= Angim =

Ancient Mesopotamian poem

The work known by its incipit, Angim, "The Return of Ninurta to Nippur", is a 210-line mythological praise poem for the ancient Mesopotamian warrior-god Ninurta, describing his return to Nippur from an expedition to the mountains (KUR), where he boasts of his triumphs against "rebel lands" (KI.BAL), boasting to Enlil in the Ekur, before returning to the Ešumeša temple—to “manifest his authority and kingship.”
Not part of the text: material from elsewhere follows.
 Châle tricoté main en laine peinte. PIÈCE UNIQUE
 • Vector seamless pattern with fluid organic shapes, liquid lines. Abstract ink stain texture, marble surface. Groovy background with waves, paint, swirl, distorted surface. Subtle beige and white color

The ancient Sumerian epic had been provided with an intralinear Akkadian translation during the course of the second millennium.

==The myth==
Three copies from Nippur provide a subscript labeling it a šìr-gíd-da, or "long song", of Ninurta, where the term long perhaps refers to the tuning of the musical instrument intended to accompany the song. It is extant in unilingual Sumerian from Nippur during the Old Babylonian period, and thereafter in bilingual editions from the Kassite, middle Assyrian and neo-Assyrian and neo-Babylonian versions, where the later ones are closer textually to the old version than the Middle Babylonian. Along with its companion composition, Lugal-e, it is the only Sumerian composition other than incantations and proverbs to have survived in the canon from the Old Babylonian period into the first Millennium. The title comes from the opening line: "an-[gim] dím-ma, ^{d}en-líl-gim dím-ma", "created like An, created like Enlil".
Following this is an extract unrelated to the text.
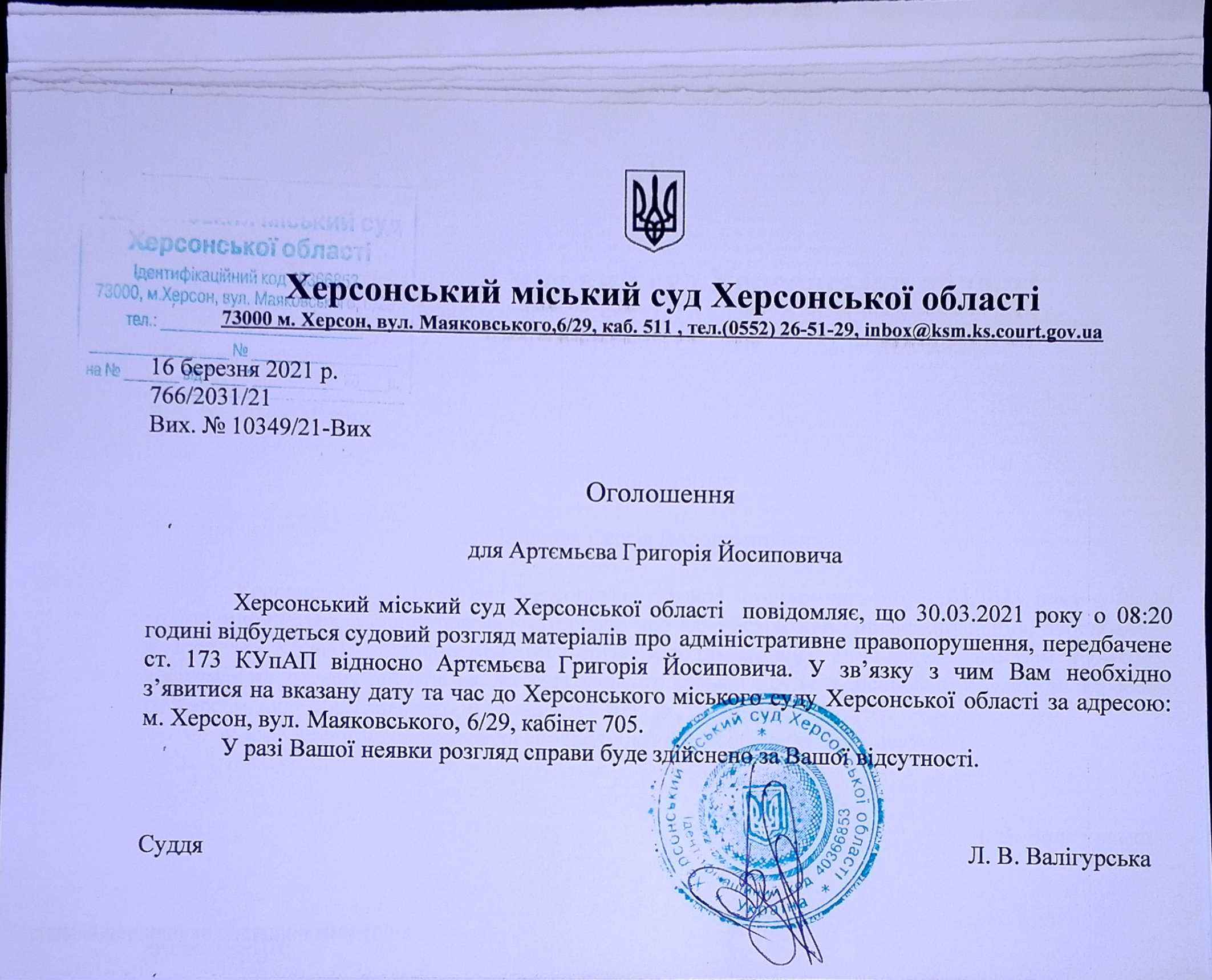 ОГОЛОШЕННЯ для Артемьєва Григорія Йосиповича

The narrative relates that he mounts the monsters, “slain heroes,” he has defeated as trophies on his [^{giš}gigir z]a-gìn-na, “shining chariot.” Echoing the number of Tiāmat’s eleven monstrous offspring, (from the Enûma Eliš, whom Marduk had vanquished), Ninurta’s conquests included:

- Wild bulls he hung on the axle
- Captured cows on the cross-piece of the yoke
- a six-headed Wild Ram (šeg.SAG-ÀŠ) on the dust guard
- Bašmu (Sumerian: Usum) on the seat
- Magilum, or "ship-locust," on the frame
- The bison Kusarikku (Sumerian: gud.alim) on the beam
- The mermaid Kulianna on the footboard
- “White substance” (gaṣṣa, gypsum), on the forward part of the yoke
- Strong copper (urudû níg kal-ga) on the inside pole pin
- The Anzu-bird on the front guard
- The seven-headed serpent (Sumerian: muš sag-imin) possibly Mušmaḫḫū on another illegible part

He then journeys with his attendants, Udanna, the all-seeing god, Lugalanbadra, the bearded lord, and Lugalkudub, with full battle regalia in a terrifying procession to Nippur. Nusku warns him that he is frightening the gods, the Anunnaki, and, if he can tone it down a little, Enlil will reward him. In the Ekur, he displays his trophies and booty to the general astonishment of the gods—including his brother, the moon god Sin, father Enlil, and mother Ninlil. Ninurta then extols his virtues in a long hymn of self-praise in an effort to solicit the establishment of his own cult. On his departure from the Ekur, he is petitioned by the god Ninkarnunna to extend his blessings to the king, perhaps the underlying purpose of the whole poem. The work ends with: ^{d}"Ninurta dumu mah é-kur-ra" ("Ninurta, the magnificent scion of Ekur").

The ancient use of the text is uncertain. It may have been recited during some kind of cultic activity, such as the annual transport of the Ninurta idol between the temples, Ešumeša(temple of Ninurta) and Ekur(temple of Enlil).